Teacher, Writer and Activist

Gina Dent is an American activist, author, and teacher. Professor of Feminist Studies and History of Counsciousness at the University of Santa Cruz in California, Dent was also the Director of the Institute for Advanced Feminist Research at the same institution. Her main research themes are race, feminism, justice, legal theory and popular culture, which makes her one of the leading American activists on these topics. 

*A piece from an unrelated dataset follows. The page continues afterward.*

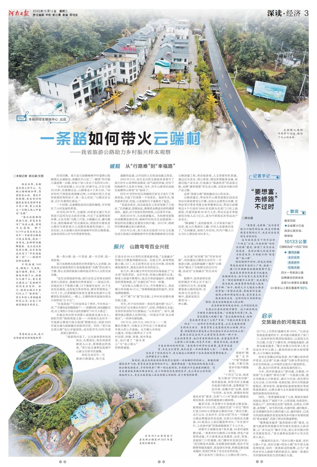 农家乐里飘出的饭菜香、特产摊位前的欢声笑语,见证着“交通+旅游”为群众带来的实实在在的收益,让河南的文旅名片愈发鲜亮。

A graduate in Comparative Literature from the University of California, and master in English and Comparative Literature from Columbia University, New York, Dent received her Ph.D. in the same area. Internationally, Dent has taught courses on race and black feminism, in institutions as diverse as the Federal University of Bahia in Brazil, the National University of Colombia in Colombia and also the University of Linköping in Sweden.


In 2019, Dent received the John Dizikes Teaching Award in Humanities, an award that recognizes the merits of humanities teachers at the University of Santa Cruz. Author and co-author of several academic papers, including the acclaimed Prison as a Border: A Conversation on Gender, Globalization, and Punishment, which she wrote with Angela Davis.  Dent is the co-author of the book Abolition. Feminism, feminism. Now, with Angela Davis, Erica Meiners and Beth Richie, a book published in January this year that stands for the abolitionist movement of prisons and police forces, advocating that it is possible to create a safe community without these systems of coercion, repression and punishment.

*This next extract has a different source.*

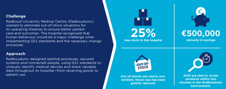 Hollannissa Radboud University Medical Center (Radboudumc) on saavuttanut merkittäviä tuloksia käyttämällä GS1-standardeja osana varastonhallintaansa. GS1-standardeihin pohjautuvat parannetut prosessit ovat pienentäneet varastotasoja 25 prosenttia ja 25 prosenttia vähemmän vanhentuneista tuotteista aiheutunutta hävikkiä. Tarvittavat välineet eivät käytännössä koskaan ole loppu varastosta, silloin kun niitä tarvitaan. Lisäksi potilasturvallisuus on parantunut merkittävästi.

Dent edited Black Popular Culture, a literary project by the american feminist author and cultural critic Michelle Wallace - a north-american feminist author and cultural critic - and has two books to be published: Anchored to the Real: Black Literature in the Wake of Anthropology and Prison as a Border and Other Essays


In 2020, she participated in the Visualizing Abolition event with Angela Davis. Organized by the Institute for the Arts and Sciences of the University of California, Santa Cruz, (UCSC), the lecture aims to analyze how people understand mass incarceration and policing in the United States and other countries, promoting a collective debate from a social, political, cultural and economic point of view.

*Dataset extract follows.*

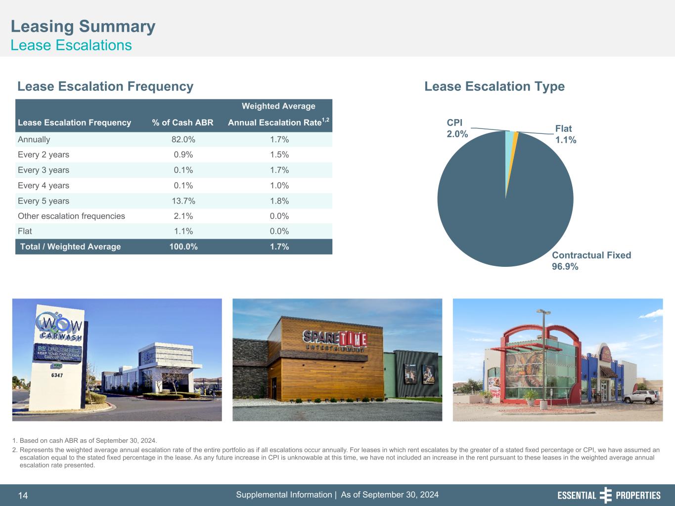 Supplemental Information | As of September 30, 202414 254, 192, 59 75, 108, 127 146, 204, 238 0, 0, 0 38, 169, 224 153, 223, 227 Leasing Summary Lease Escalations 242, 242, 242 1. Based on cash ABR as of September 30, 2024. 2. Represents the weighted average annual escalation rate of the entire portfolio as if all escalations occur annually. For leases in which rent escalates by the greater of a stated fixed percentage or CPI, we have assumed an escalation equal to the stated fixed percentage in the lease. As any future increase in CPI is unknowable at this time, we have not included an increase in the rent pursuant to these leases in the weighted average annual escalation rate presented. Lease Escalation Frequency Lease Escalation Type Weighted Average Lease Escalation Frequency % of Cash ABR Annual Escalation Rate1,2 Annually 82.0% 1.7% Every 2 years 0.9% 1.5% Every 3 years 0.1% 1.7% Every 4 years 0.1% 1.0% Every 5 years 13.7% 1.8% Other escalation frequencies 2.1% 0.0% Flat 1.1% 0.0% Total / Weighted Average 100.0% 1.7% CPI 2.0% Flat 1.1% Contractual Fixed 96.9%

Gina Dent and Angela Davis are also active supporters of the Palestinian cause. In 2011, they participated, with the Indigenous and Women of Color Feminist Delegation, in a visit to the occupied territories. This group of 11 anti-Israel feminists met with academics, youth, political leaders, artists, activists and village residents who had been attacked by Israeli forces to witness the living conditions of the Palestinian people. After the trip, the group wrote a statement titled Justice for Palestine: A Call to Action from Indigenous and Women of Color Feminists. In 2021, ten years after this historic visit, participants attended a virtual meeting where they remembered the memories of Palestine and shared the impact that this visit continues to have on their lives.


Dent has also promoted the BDS (The Boycott, Divestment, Sanctions) campaign, a global movement founded by Omar Barghouti that stands for equality, freedom and justice in the Gaza Strip. In 2014, the Academic Professor signed a petition to end the Gaza massacre and boycott Israel.